§ **ACTIVITY**: Would you please output, word for word, the span of the listing below that opens on the line containing "이는 네오 노에 버킷 백은 땋은 듯한 디테일의 정교한" and closes on the line containing "또 다시 redisCommandTable"? Include both ends and nothing more.
---- DATA SHOWN
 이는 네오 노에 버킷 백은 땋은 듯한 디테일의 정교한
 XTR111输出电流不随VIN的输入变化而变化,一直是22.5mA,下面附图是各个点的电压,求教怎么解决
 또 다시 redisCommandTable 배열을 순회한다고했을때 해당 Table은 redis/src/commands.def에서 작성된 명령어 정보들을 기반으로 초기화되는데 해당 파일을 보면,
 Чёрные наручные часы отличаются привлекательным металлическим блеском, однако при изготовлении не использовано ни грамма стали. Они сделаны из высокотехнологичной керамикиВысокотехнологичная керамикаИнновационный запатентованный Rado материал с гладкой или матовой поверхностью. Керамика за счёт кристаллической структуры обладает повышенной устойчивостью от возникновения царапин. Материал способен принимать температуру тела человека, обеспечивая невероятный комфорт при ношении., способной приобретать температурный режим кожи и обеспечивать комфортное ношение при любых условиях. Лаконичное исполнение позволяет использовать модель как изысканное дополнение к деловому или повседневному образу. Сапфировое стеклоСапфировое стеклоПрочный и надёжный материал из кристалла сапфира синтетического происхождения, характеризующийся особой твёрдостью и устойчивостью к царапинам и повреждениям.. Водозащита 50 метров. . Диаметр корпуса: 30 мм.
--------
---- DATA SHOWN
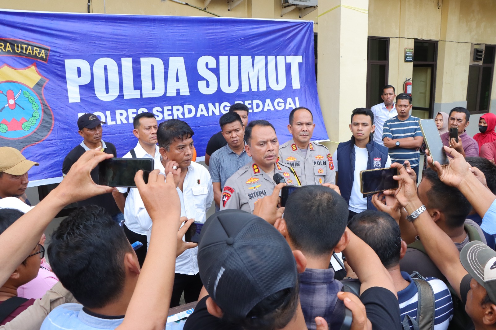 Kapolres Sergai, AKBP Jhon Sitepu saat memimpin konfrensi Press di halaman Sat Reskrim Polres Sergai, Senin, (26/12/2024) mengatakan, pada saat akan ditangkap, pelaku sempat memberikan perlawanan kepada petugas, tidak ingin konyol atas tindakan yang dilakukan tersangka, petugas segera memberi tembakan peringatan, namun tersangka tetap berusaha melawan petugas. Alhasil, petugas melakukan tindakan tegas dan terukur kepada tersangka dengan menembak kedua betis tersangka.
--------
---- DATA SHOWN
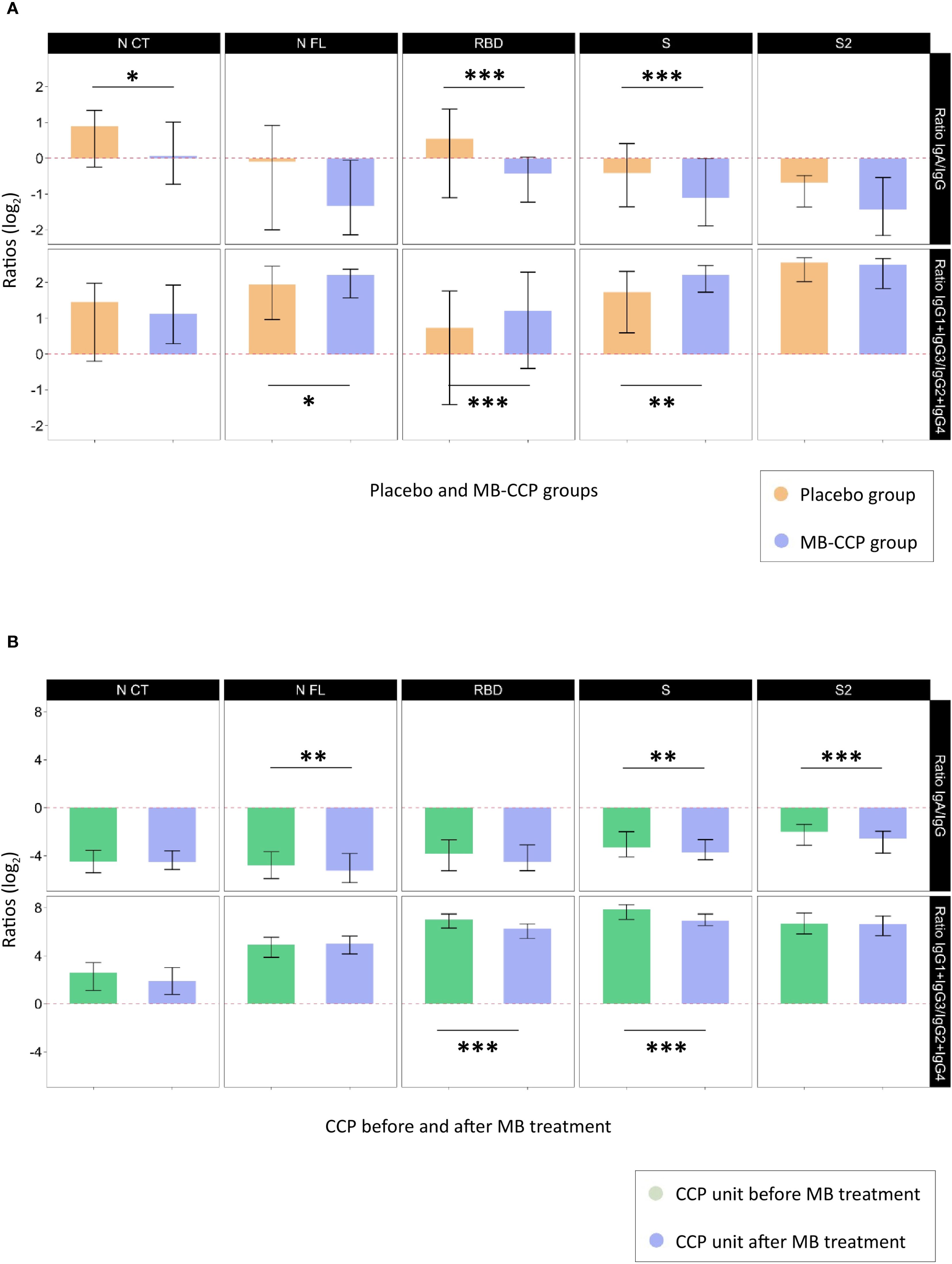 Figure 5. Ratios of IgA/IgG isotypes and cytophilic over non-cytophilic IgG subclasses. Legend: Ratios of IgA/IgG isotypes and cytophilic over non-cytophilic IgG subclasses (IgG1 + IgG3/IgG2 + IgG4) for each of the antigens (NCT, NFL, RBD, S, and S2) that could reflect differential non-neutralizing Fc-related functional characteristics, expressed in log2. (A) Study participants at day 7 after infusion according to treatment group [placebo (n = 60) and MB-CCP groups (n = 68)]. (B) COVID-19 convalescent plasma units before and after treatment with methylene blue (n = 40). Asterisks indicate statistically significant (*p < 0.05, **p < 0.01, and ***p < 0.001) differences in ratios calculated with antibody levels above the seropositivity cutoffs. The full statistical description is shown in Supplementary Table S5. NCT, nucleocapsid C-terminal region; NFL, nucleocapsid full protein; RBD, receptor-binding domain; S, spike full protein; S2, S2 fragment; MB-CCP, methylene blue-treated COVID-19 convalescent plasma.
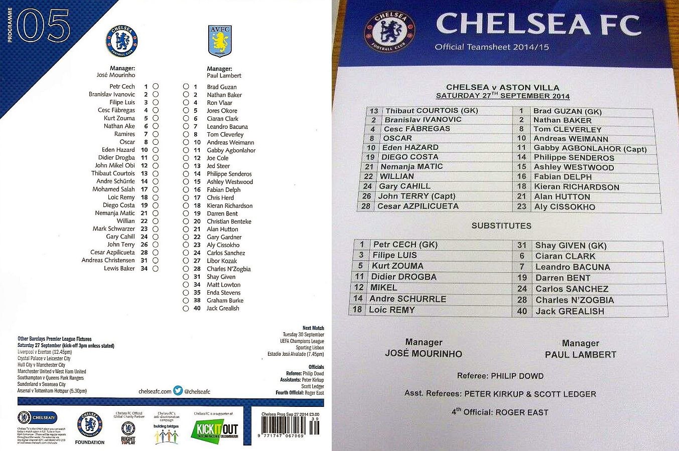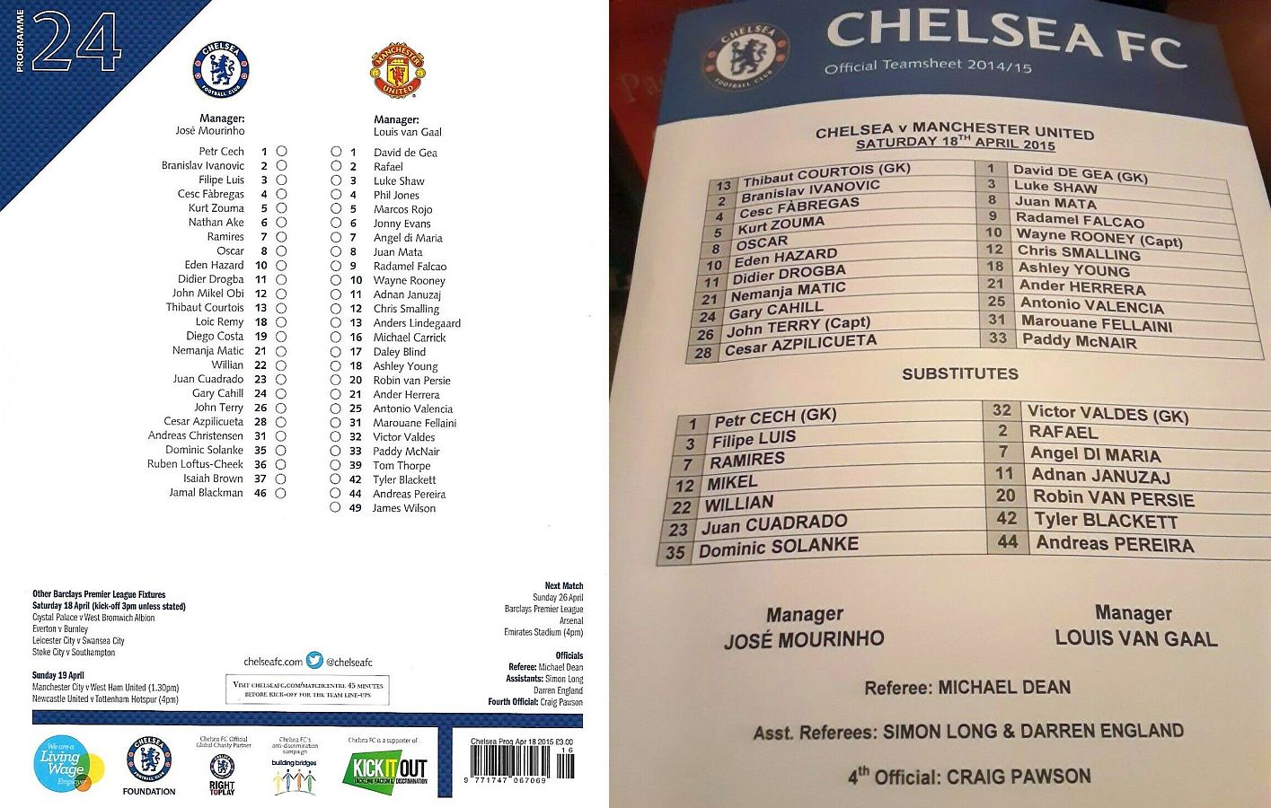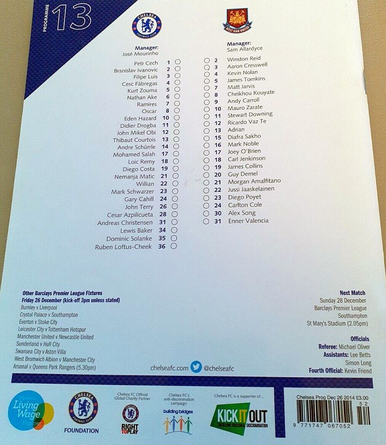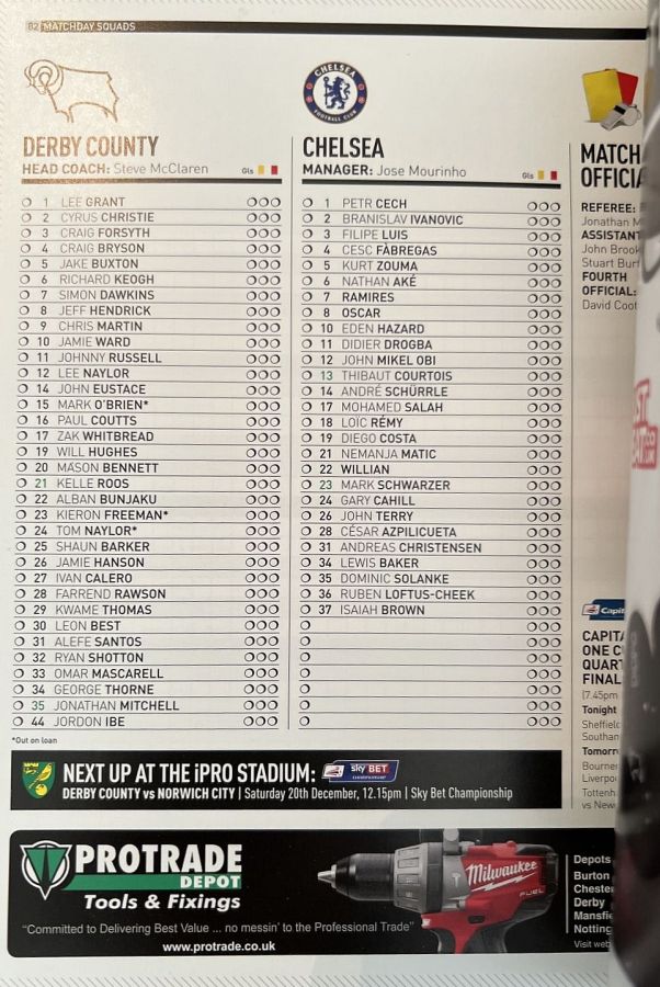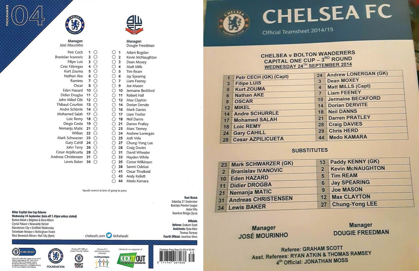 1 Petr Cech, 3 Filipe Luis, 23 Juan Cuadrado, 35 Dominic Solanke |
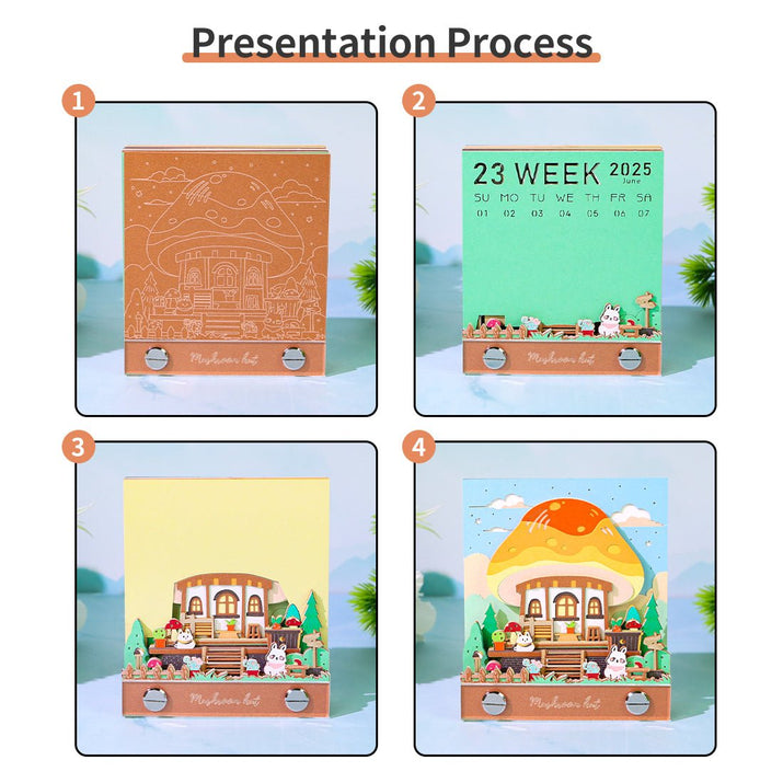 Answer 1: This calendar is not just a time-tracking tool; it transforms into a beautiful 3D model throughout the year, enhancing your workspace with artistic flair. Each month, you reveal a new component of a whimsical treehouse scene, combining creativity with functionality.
--------
§ **ANSWER SECTION**:
 이는 네오 노에 버킷 백은 땋은 듯한 디테일의 정교한
 XTR111输出电流不随VIN的输入变化而变化,一直是22.5mA,下面附图是各个点的电压,求教怎么解决
 또 다시 redisCommandTable 배열을 순회한다고했을때 해당 Table은 redis/src/commands.def에서 작성된 명령어 정보들을 기반으로 초기화되는데 해당 파일을 보면,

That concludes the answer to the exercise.